A thousand questions officially open sourced FlashQLA, which reduces the computational cost of the attention layer in the training and inference processes.

date
19:37 29/04/2026
avatar
GMT Eight
On April 29th, Qianwen Big Model announced the official open sourcing of FlashQLA, a high-performance linear attention operator library implemented based on TileLang.

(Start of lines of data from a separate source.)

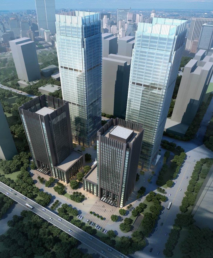 位于武汉市江汉区CBD中央商务区内,本项目由四座相互独立的高层办公塔楼组成,其中三栋高度超过100米。
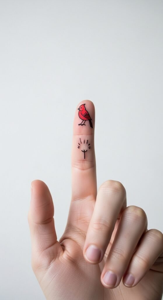Tiny cardinals on the finger are quick and cute. Fit for rings. Draw micro versions. Use finger tracing tools. Go for tiny ink jobs. Keep it one color. Wear gloves over it. Add a beak detail. Great for subtle folks. Test with nail art. Focus on precision.
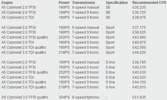 Available for order now in the UK, with deliveries starting in late April, the new generation A5 Cabriolet carries a starting price of £35,235 ($43,938) OTR for the entry-level SE model.
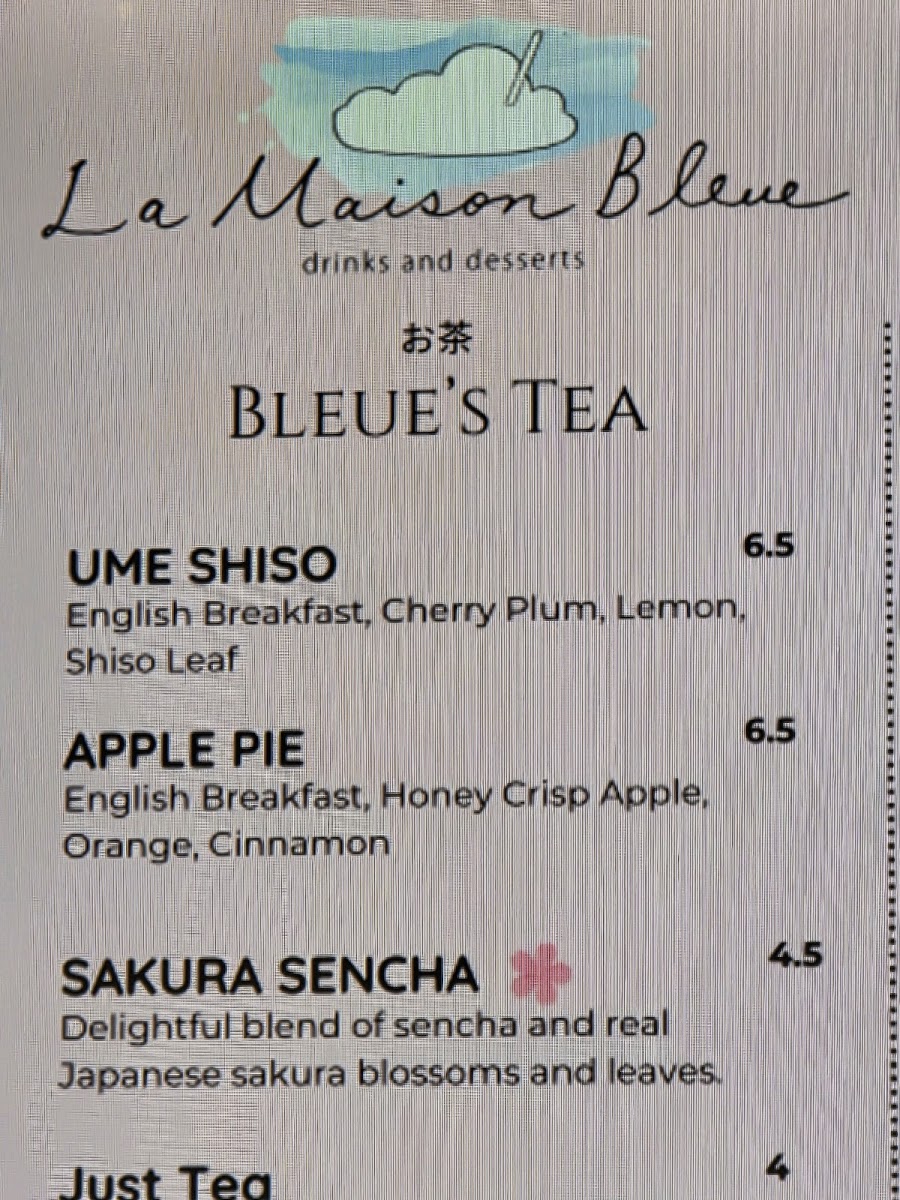 The menu at La Maison Bleue (LMB Cafe) offers a variety of specialty drinks primarily focused on tea-based beverages and creative coffee options. The menu is organized into several distinct tea series and unique drink creations, catering to different tastes and preferences.
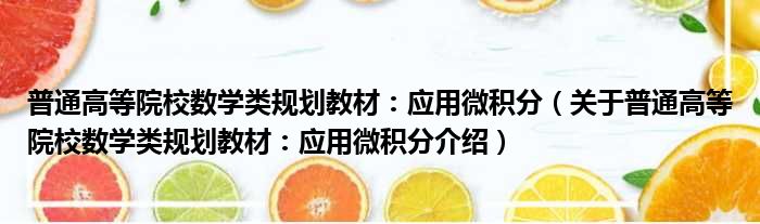 关于普通高等院校数学类规划教材:应用微积分到此分享完毕,希望能帮助到您。
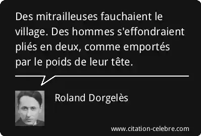 Des mitrailleuses fauchaient le village. Des hommes s'effondraient pliés en deux, comme emportés par le poids de leur tête.
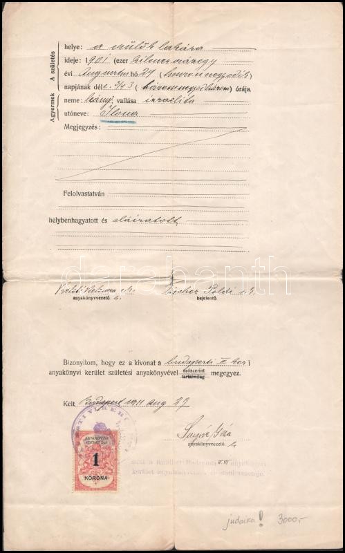 https://www.darabanth.com/en/399-Online-auction/399.0/Art-and-other-collectibles/Judaica~500026/1911-Bp-Szuletesi-anyakonyvi-kivonat-Fischer-Poldi-izraelita-vallasu-egyen-szamara-okman~II2444153

On April 29th, Qwen's large model announced the official open-source release of FlashQLA, a high-performance linear attention operator library based on TileLang. FlashQLA merges and optimizes the forward and backward calculations of GDN Chunked Prefill operators in a reasonable way, achieving 2-3 forward acceleration and 2 backward acceleration compared to FLA Triton Kernel on NVIDIA Hopper in multiple scenarios. This significantly improves the efficiency of pre-training scenarios and edge-side agentic inference. The Qwen team stated that since the release of Qwen3-Next, the Gated Delta Network (GDN) has become the main attention layer in the entire Qwen series, extending from Qwen3-Next-80B-A3B to the subsequent Qwen3.5/Qwen3.6 series. As the model scale expands to 397A17B, 122A10B, 35B, 27B, the overhead of GDN in end-to-end training and inference has become significant. The core highlights of this release include: Gate-driven automatic intra-card sequence parallelism. By utilizing the exponential decay property of GDN gate, FlashQLA automatically enables intra-card sequence parallelism in TP, long sequences, and small head scenarios, increasing the GPU SM utilization; Hardware-friendly algebraic rewriting. Some modifications are made to the forward and backward processes of GDN Chunked Prefill, effectively reducing the overhead of Tensor Cores, CUDA Cores, and SFUs without affecting numerical precision.